Где-то высоко в амфитеатре скрипнуло кресло. Я рванула туда, конечно споткнулась и растянулась в проходе. Боль резанула лодыжку, и я невольно взвыла.
– Что?!
– Кажется, мы теперь с тобой два сапога пара. – Я села, растирая ушибленную ногу. Больно, но не смертельно. Но, блин, больно же!
Паша наконец выбрался из оркестровой ямы, подошел и посветил.
– Ну да, у меня левая, у тебя правая. Валенки мы с тобой. Театр-то огромный! Чем прятаться в зале, я бы в буфетике засел и любовался видом из окна или в гримерках поискал битые молью парики…
– Или все-таки пошел домой. Тебе не надоело?
– Вообще-то надоело. Но как-то оно неправильно.
Мы пошли делать правильно. Нырнули за кулисы, миновали уже знакомый коридорчик, выкрикивая этих разгильдяев, сунули нос во все бывшие гримерки. Зрелище было удручающим. Не осталось ни мебели, ни даже битых молью париков, ни цветочного горшка на окне. Тут и там зияли выбитые окна, на полу валялся всякий мусор, в том числе и одежда, и еще эти мазутные пятна поблескивали в свете фонаря. Маленькие, с тарелку, как будто кто-то катал по театру большую цистерну и расплескал содержимое. Запах в маленьких гримерках стоял тот же, тяжелый: болото, канализация и что-то кисловатое, неумолимо знакомое.

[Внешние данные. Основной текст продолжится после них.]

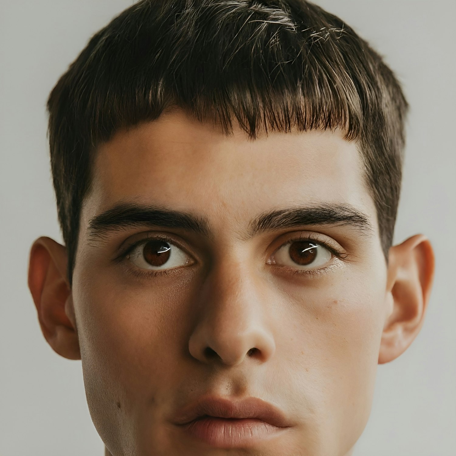 Close-up portrait of a young man with short dark hair and brown eyes, neutral expression, against a gray background.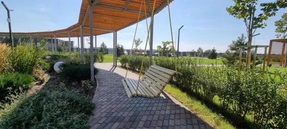 Коттеджный поселок охраняемая территория, видео наблюдение. Парк для прогулок с зонами отдыха, детскими площадками и зонами спорта.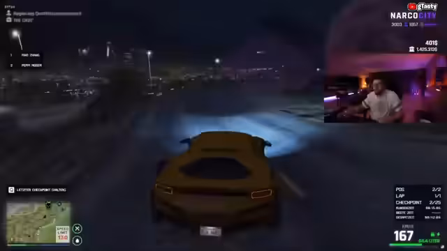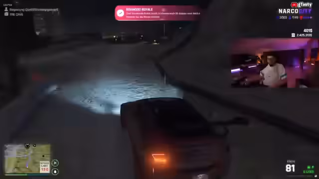 07:17:36Ein Teilnehmer namens Japaner möchte unbedingt gegen den Streamer ein Rennen fahren und wettet dabei um hohe Geldbeträge. Es gibt Verwirrung über die zu fahrenden Autos und ein Teilnehmer verschwindet unerwartet. Nachdem das Auto des Japaners gefunden wird, startet das Rennen mit hohem Einsatz und Windschatten-Regel. Nach dem Rennen gibt es eine Diskussion über den Gewinner und den Einsatz.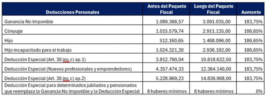 Se incrementan las deducciones personales entre un 183,75% y un 186,65%. No hay cambios respecto a la deducción especial para determinados jubilados y pensionados que se mantiene en 8 haberes mínimos garantizados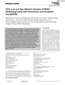 【合作研究成果】 GSH as an A-A Type Allosteric Activator of PKM2: Modulating Cancer Cell Homeostasis and Ferroptosis Susceptibility 榮登 「 Advanced Science」 頂尖國際期刊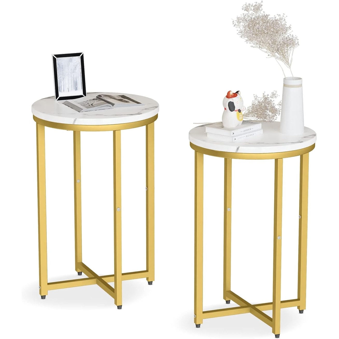 Round Side Table Set of 2, Modern White Marble-Look Tables with X-Frame, 15.75D x 24.41H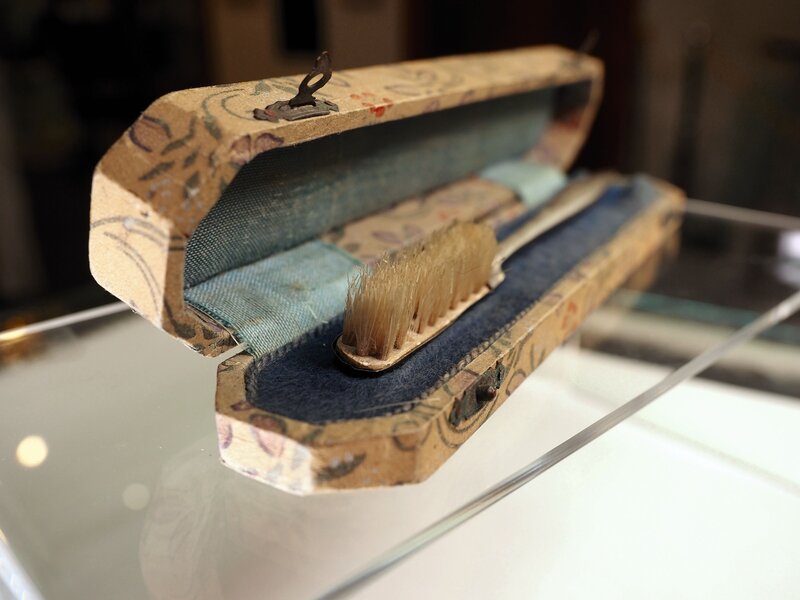Besonders wertvoll bei unserer Zahnbürste ist dagegen das originale, handbemalte Etui. Die Bürste kommt aus Lissabon, Portugal. Aufgrund der überaus hochwertigen und seltenen Fertigung muss man auch hier von einem adeligen oder sogar hochadeligen Haushalt ausgehen. So hatte beispielsweise die Großherzogin Stephanie von Baden ebenfalls eine solche Zahnbürste, da sie verwandt mit Napoleon war.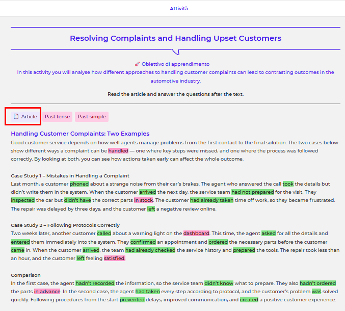Ad ogni microcorso vengono associate delle attività, esercizi grammaticali basati sulla tematica di ogni singola lezione di conversazione che si suddividono in articoli e podcasts.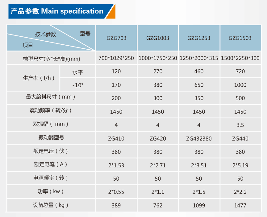 悬挂给料机参数: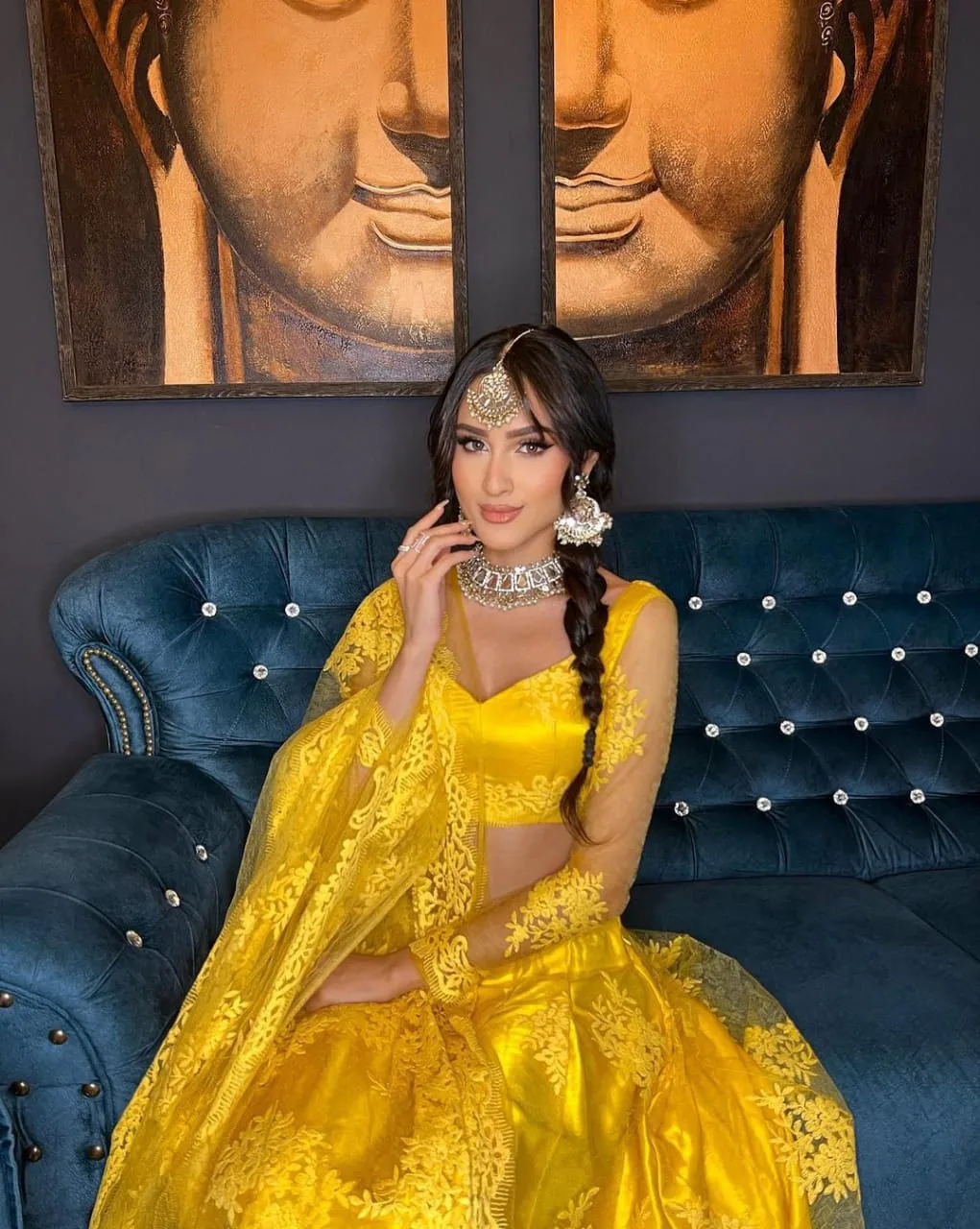 - Ajunee Kaur – Ajunee dolled-up with a radiant-yellow lehenga with matching silver jewellery.
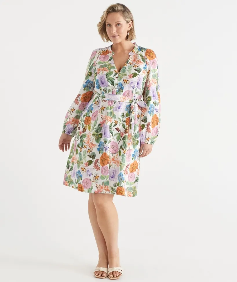 In a fresh new shape, our Linen Floral Botanical Long Sleeve Dress features our gorgeous botanical print of the season. Front panel detailing with a matching belt to define the waist. This flattering silhouette is finished with gold-rimmed buttons for added detailing.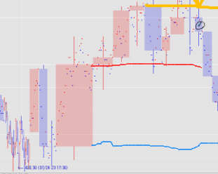이 상태에서 하루 중 가장 큰 5분 box의 시가와 종가에 수평선을 첨부파일과 같이 추가할 수 있음 감사 하겠습니다. 시가에 그려진 수평선은 파란색 종가는 붉은색!

– Сдается мне, здесь просто трубу прорвало. Вот и запах.
– Да ну, в зале бы не было тогда. Там-то труб нет…
Паша пнул пустую пластиковую бутылку и вышел в коридор. Я за ним. Мы были в той части театра, куда зрителям вход заказан, и лично меня любопытство отвлекало от тяжелых мыслей. Если это не розыгрыш… У Игоря было такое лицо, что о розыгрышах думается меньше всего. Как все-таки просто поверить в то, во что хочется. Паша сказал «розыгрыш» – и я тут же подхватила, потому что так легче…

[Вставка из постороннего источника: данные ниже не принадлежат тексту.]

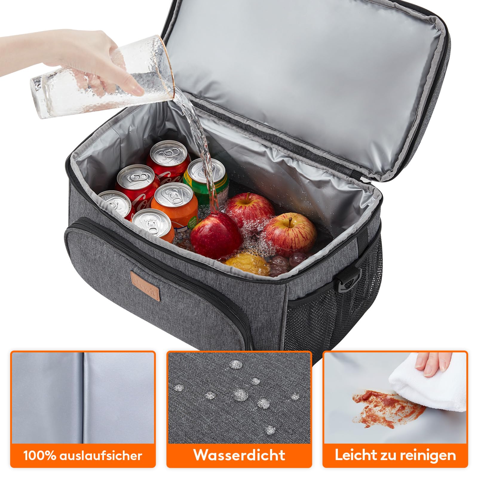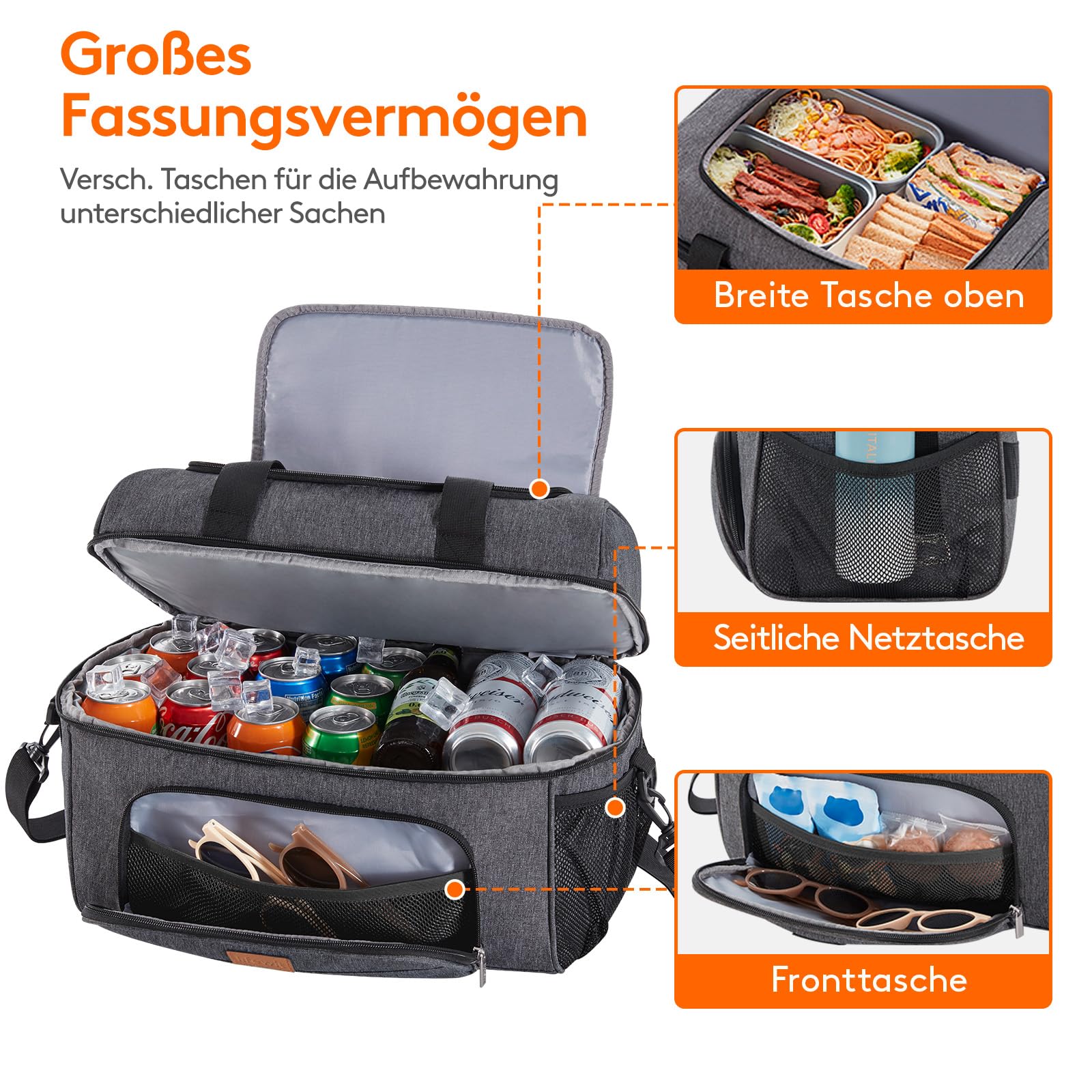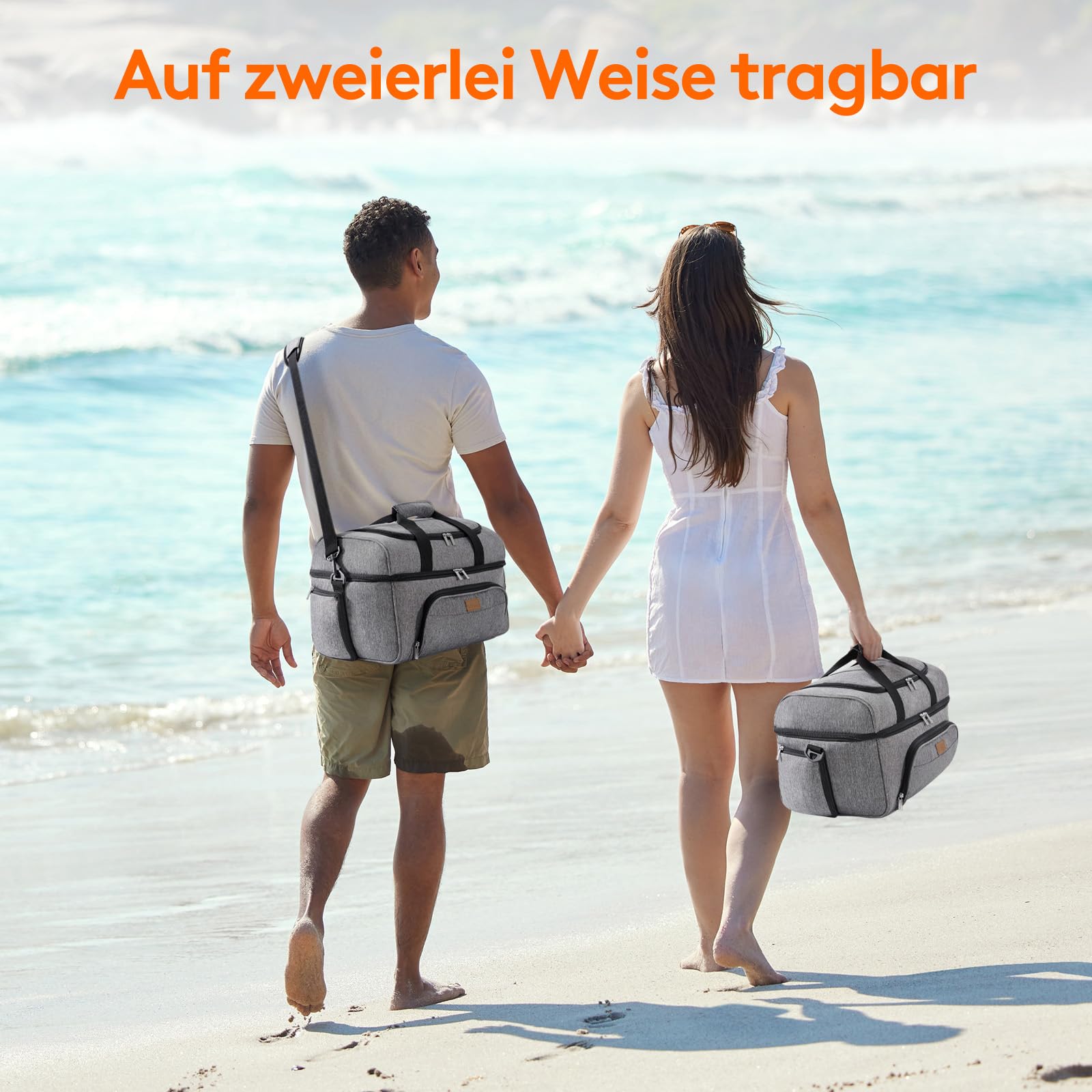 ["Large capacity: Our cooler box holds up to 30 liters of volume. You can carry 48 cans (330ml) of your favorite drinks plus ice. The overall dimensions are approximately 16 x 11 x 11 inches.","Insulation: The outside of the cooler bag is made of 600D Oxford fabric. The inner lining is made of PEVA film and insulation material, which can keep food and drinks cool or warm for more than 5 hours. In addition, the built-in 6mm EPE foam provides excellent protection for your containers, food, and drinks.","Multiple compartments: Equipped with 1 large pocket on top, 2 side pockets, and 2 front pockets, you can store various items in the numerous pockets. The cooler bag can be used as a personal travel bag. The padded handle and removable shoulder strap offer you 3 ways to carry: you can carry the bag by hand or with a shoulder strap. You can also place the bag on your suitcase when traveling.","Leakproof & Waterproof: The bottom part of the bag is not traditionally sewn, but seamlessly connected to the lining by hot pressing. This makes it leakproof and easy to clean. Simply wipe the cooler bag with a damp cloth or napkin.","Versatile: You can pack your lunch and a few ice packs for camping, picnics, and beach trips in this beach cooler bag and also store it in the trunk of your SUV. When traveling by plane, you can fold it flat and pack it in your suitcase."]

– Только не сердись… Ты правда думаешь, что нас разыграли?
– Ничего я не думаю! Идем.
Поняла, не дура. Значит, Пашу терзают те же сомнения, что и меня. Трудно поверить в потустороннее – проще в розыгрыш. Но вот Игорек…
– А эта тень в холле… что это, по-твоему?

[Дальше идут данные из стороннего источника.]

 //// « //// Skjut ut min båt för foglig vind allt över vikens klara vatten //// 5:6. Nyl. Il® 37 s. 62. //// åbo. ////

– Ничего. Правда ничего: темнота, и все.
– А почему ты отпрянул?
– Идиот потому что… Ты только не смейся: мне показалось, она затягивает. Темнота. Я только руку протянул – а там как будто тысяча присосок. – Он посмотрел на свою руку, и глаза у него округлились. В свете из окон и мне было прекрасно видно: рука была вся в мельчайших, тончайших царапинах, как будто наждачкой прошлись…
– Так что это было?
Паша покачал головой.
* * *
Мы свернули за угол, и опять стало темно. В этой части коридора не было окон и маленьких гримерок. Я размазала кроссовкой очередную лужицу, чуть не полетела носом вперед – и услышала всхлипы. Пашка замер. Мы одновременно включили фонари и зашарили по полу и стенам.
Коридор казался огромным. Театр снаружи выглядит меньше, чем этот коридор. От стены до стены метров пять, а в длину вообще конца не видно, луч тонул в темноте и терялся. Хныкали совсем рядом. Я сделала пару шагов, освещая мусор под ногами, и наткнулась на Маринку.
– Точно не врешь?
Маринка покачала головой.
– Ну какой врет, ну ты что!
Маринка была красная, с размазанной тушью, белая куртка в черных разводах и уже без рукава, как будто жилетка. Она сидела на полу, сжавшись до размеров табуретки, и ее трясло.
– Оно… А я… А Игорь… – Это все, чего нам удалось от нее добиться.
– Где?! – взревел Паша, но Маринка только разрыдалась еще сильнее.
Я чувствовала себя полной идиоткой: надо было тогда хватать обоих и удирать, а я все трясла Маринку, в надежде вытрясти хоть что-то по делу. Потому что никто не верит в такие вещи. Даже если они убивают.
Паша стоял, поджав больную ногу, и смотрел на нас. В этом жутком свете фонарей его глазницы казались пустыми.
– Значит, правда…
– Что?
– Отец рассказывал по приколу – так, байка из юности… Я не верил… И Кабан…
– Что «Кабан»?
– Это… как он его называл?.. Красное пятно… Да кто в такое вообще верит?!
– Черное, – говорю. – Плотоядная масса. Бабочка в мазуте. Я тоже не верю, но…
– Игорь! – всхлипнула Маринка. – Так ты знал?!